Below are the records; repeat exactly their lines between the line holding "Lot is for 60" and the line holding "メンテナンスも簡単です。吸引", inclusive, skipping the pictures.
══ WORKING DATA
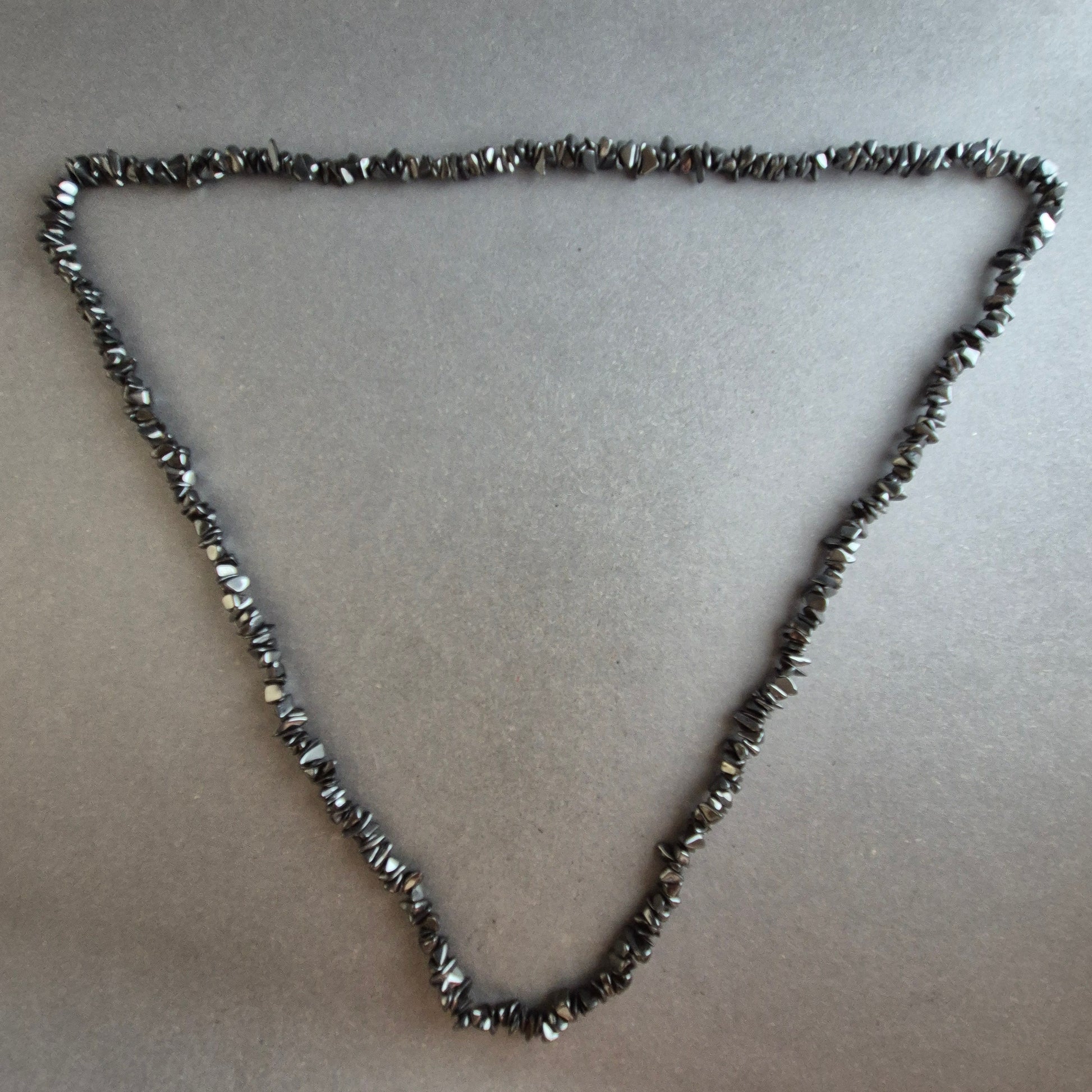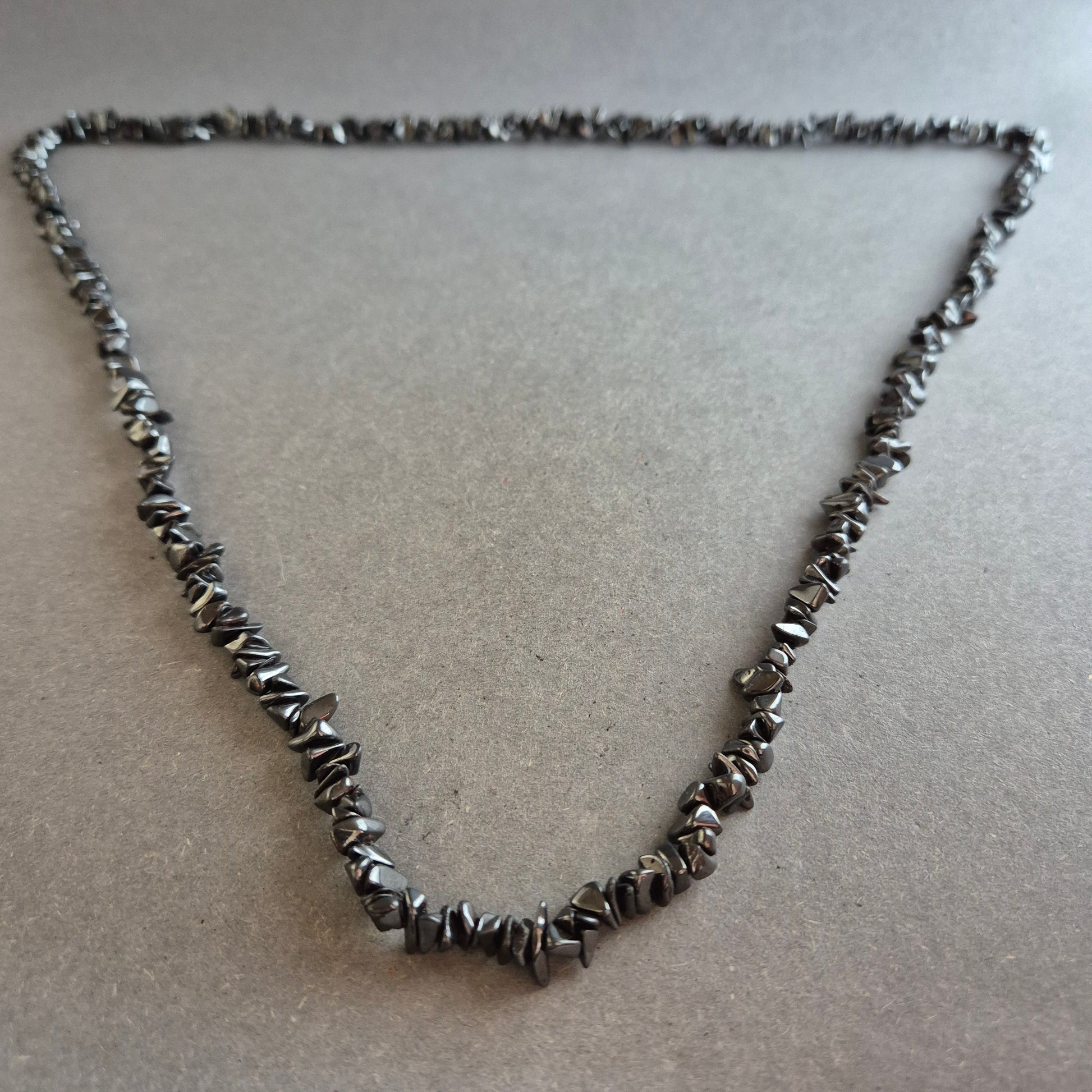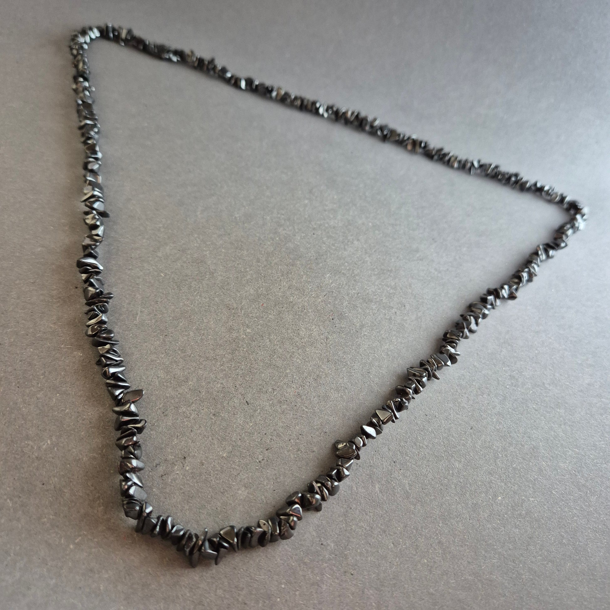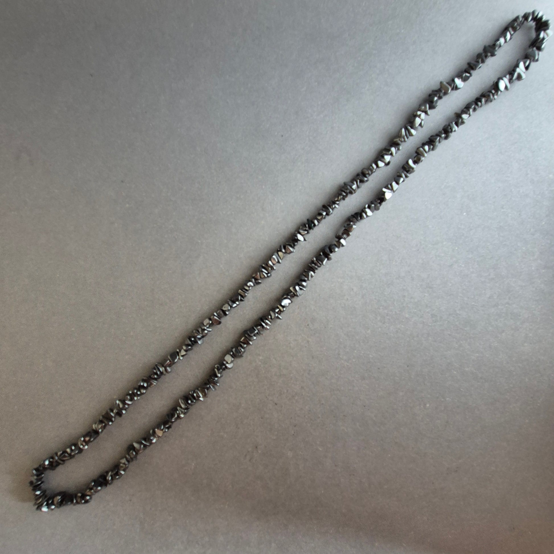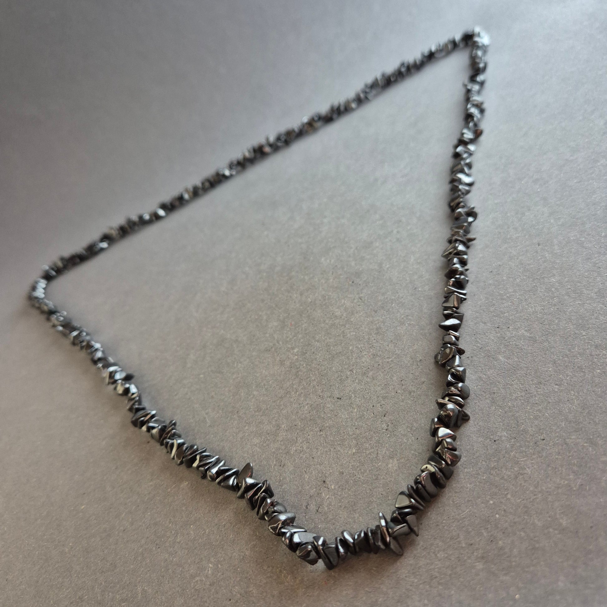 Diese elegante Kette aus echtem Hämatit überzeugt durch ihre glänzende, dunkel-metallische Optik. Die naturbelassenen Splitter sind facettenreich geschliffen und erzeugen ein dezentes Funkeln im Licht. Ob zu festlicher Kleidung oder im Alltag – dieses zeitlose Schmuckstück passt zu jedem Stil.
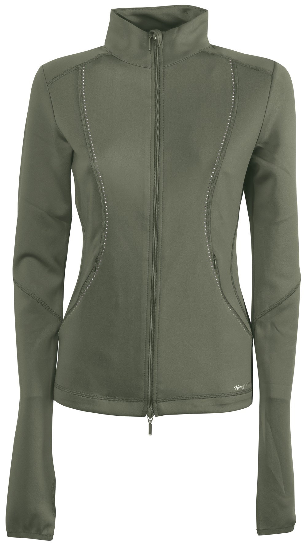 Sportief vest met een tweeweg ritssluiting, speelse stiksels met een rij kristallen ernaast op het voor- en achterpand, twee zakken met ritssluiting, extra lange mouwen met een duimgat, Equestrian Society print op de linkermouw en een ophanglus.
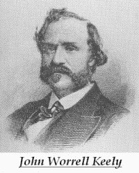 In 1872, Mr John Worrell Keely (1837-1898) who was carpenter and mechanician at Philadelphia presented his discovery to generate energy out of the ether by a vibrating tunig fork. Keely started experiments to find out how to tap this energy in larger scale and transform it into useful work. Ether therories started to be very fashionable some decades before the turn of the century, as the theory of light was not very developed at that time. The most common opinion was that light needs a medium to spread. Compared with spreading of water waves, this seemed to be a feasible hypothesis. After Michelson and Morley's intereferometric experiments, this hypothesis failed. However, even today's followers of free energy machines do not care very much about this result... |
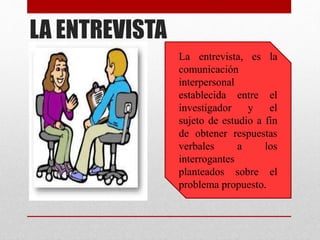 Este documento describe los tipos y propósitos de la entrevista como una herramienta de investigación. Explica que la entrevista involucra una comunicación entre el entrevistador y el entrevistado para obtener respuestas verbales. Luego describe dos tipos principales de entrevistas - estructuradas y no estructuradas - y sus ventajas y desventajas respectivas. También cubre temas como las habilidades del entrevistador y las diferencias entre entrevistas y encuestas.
════
══ WORKING DATA
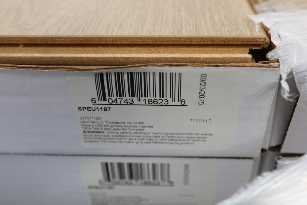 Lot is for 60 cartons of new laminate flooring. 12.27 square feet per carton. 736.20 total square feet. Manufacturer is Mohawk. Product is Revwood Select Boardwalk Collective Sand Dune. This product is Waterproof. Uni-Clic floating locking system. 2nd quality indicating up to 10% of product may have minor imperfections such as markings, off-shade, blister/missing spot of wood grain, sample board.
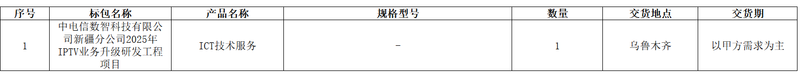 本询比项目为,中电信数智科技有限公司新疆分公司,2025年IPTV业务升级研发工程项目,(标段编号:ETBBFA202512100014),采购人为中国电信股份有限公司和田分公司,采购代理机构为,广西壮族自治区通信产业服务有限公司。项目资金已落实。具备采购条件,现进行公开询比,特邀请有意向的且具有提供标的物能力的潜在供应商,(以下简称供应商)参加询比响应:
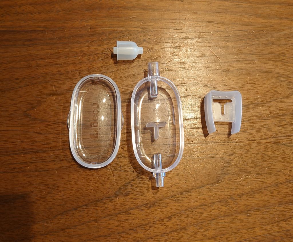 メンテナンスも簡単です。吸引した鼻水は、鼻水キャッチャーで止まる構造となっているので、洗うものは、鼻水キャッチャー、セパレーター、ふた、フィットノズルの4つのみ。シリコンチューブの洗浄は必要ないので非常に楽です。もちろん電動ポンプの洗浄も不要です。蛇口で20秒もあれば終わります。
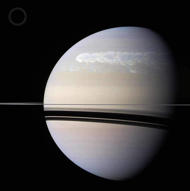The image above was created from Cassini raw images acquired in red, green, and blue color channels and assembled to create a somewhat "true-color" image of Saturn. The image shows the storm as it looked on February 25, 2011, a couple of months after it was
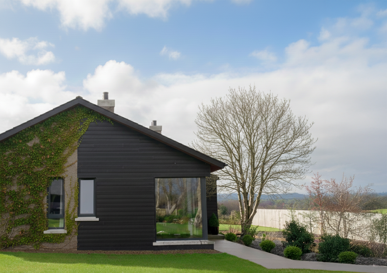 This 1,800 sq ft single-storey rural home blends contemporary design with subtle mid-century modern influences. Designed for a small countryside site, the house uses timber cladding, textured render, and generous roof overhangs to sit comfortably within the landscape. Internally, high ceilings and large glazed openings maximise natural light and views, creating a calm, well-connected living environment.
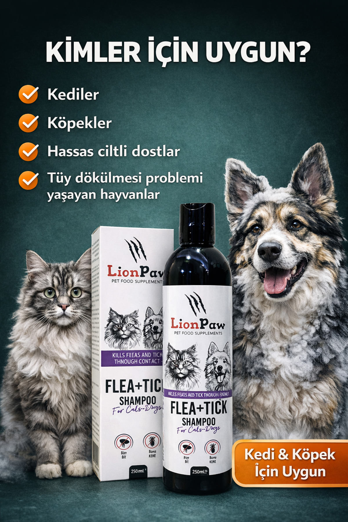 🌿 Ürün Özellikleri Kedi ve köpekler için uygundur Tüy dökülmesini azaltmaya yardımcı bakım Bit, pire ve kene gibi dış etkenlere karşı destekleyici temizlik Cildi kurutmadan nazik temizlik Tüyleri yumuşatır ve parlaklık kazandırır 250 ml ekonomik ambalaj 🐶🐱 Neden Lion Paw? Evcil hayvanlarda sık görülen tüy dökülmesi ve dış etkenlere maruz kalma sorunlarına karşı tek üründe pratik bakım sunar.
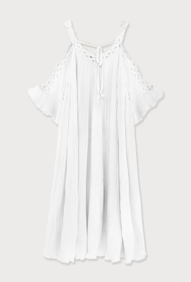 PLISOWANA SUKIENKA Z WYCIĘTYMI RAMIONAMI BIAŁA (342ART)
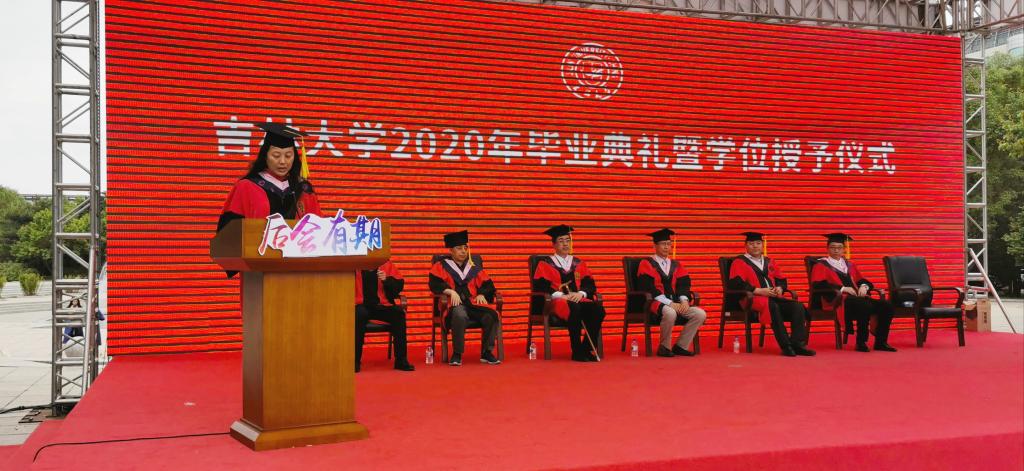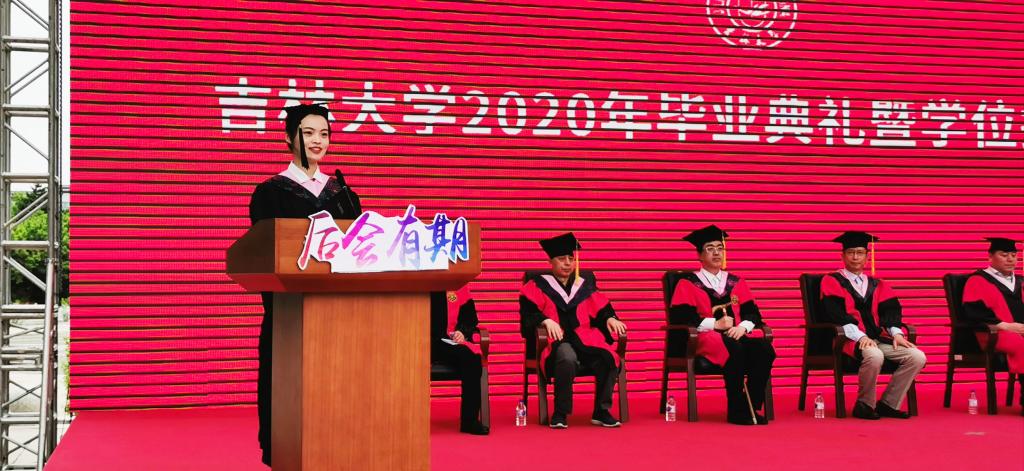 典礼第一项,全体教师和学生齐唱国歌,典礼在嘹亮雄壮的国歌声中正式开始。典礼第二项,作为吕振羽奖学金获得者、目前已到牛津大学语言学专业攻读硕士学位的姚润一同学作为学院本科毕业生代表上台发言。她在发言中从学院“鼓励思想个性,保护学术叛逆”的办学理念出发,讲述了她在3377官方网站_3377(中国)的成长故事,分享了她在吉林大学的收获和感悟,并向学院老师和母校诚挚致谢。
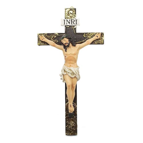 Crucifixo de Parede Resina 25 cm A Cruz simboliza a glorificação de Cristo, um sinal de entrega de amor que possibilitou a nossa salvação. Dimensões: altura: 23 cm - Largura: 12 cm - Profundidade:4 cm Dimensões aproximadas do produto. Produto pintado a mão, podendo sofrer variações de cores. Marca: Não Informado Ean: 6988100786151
════
◆ TASK OUTPUT:
 Lot is for 60 cartons of new laminate flooring. 12.27 square feet per carton. 736.20 total square feet. Manufacturer is Mohawk. Product is Revwood Select Boardwalk Collective Sand Dune. This product is Waterproof. Uni-Clic floating locking system. 2nd quality indicating up to 10% of product may have minor imperfections such as markings, off-shade, blister/missing spot of wood grain, sample board.
 本询比项目为,中电信数智科技有限公司新疆分公司,2025年IPTV业务升级研发工程项目,(标段编号:ETBBFA202512100014),采购人为中国电信股份有限公司和田分公司,采购代理机构为,广西壮族自治区通信产业服务有限公司。项目资金已落实。具备采购条件,现进行公开询比,特邀请有意向的且具有提供标的物能力的潜在供应商,(以下简称供应商)参加询比响应:
 メンテナンスも簡単です。吸引した鼻水は、鼻水キャッチャーで止まる構造となっているので、洗うものは、鼻水キャッチャー、セパレーター、ふた、フィットノズルの4つのみ。シリコンチューブの洗浄は必要ないので非常に楽です。もちろん電動ポンプの洗浄も不要です。蛇口で20秒もあれば終わります。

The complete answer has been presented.